Но только в 1831 году дед нашего герцога получил из рук королевы Виктории титул маркиза Вестминстерского. С этого времени Гросвеноры стяжали славу страстных любителей лошадей. На их попечении были конюшни, обитатели которых одерживали на скачках самые громкие победы. У деда-маркиза был исключительный чистокровный жеребец, неоднократно выигрывавший дерби. Аристократ так ценил своего любимца, что назвал его Вендор – слово из описания родового герба – bend'or. Когда один американский миллиардер предложил ему за жеребца совершенно фантастическую сумму, тот отбрил наглеца. «Во всей Америке не наберется столько денег, чтобы купить такого коня!» – заявил он со всей твердостью. Каким образом и почему к его внуку, официальное имя которого было Хью Ричард Артур, с детских лет приклеилось прозвище Вендор, да так и осталось за ним на всю жизнь – тайна сия великая есть, ни на шаг не приблизившаяся к разгадке. Но так или иначе, домашние знали его как Вендора, уменьшительно Бенни или Бонни.
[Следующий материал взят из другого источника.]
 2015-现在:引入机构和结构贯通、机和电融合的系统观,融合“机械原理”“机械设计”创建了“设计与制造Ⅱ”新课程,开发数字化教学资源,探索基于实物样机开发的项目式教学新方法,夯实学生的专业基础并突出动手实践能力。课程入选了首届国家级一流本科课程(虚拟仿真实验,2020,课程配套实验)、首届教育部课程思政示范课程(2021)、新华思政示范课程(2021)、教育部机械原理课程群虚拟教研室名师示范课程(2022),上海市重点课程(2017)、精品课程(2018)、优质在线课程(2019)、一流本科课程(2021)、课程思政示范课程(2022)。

В 1924 году Вендору исполнилось сорок пять лет. Он был рослый, белокурый с рыжеватым отливом и выцветшими на море и на солнце голубыми глазами. Его шарм и природная элегантность единодушно признавались всеми. Богатства? Их у него было не счесть. Он и сам не ведал размеров своего состояния и за это частенько над собой подтрунивал… В Лондоне, где он жил в особняке Бурдон-Хаус, ему принадлежали целые кварталы, а также большая часть Мэйфер и Белгравиа, общей площадью примерно 250 гектаров. Его официальная резиденция находилась в 260 километрах к северо-западу от Лондона – на севере Уэльса. Называлась она Итон-Холл и располагалась близ города Честер – старинного маленького порта, сообщавшегося с Ирландским морем, до которого было совсем недалеко, по реке Ди, которую в этом месте сделали удобной для судоходства.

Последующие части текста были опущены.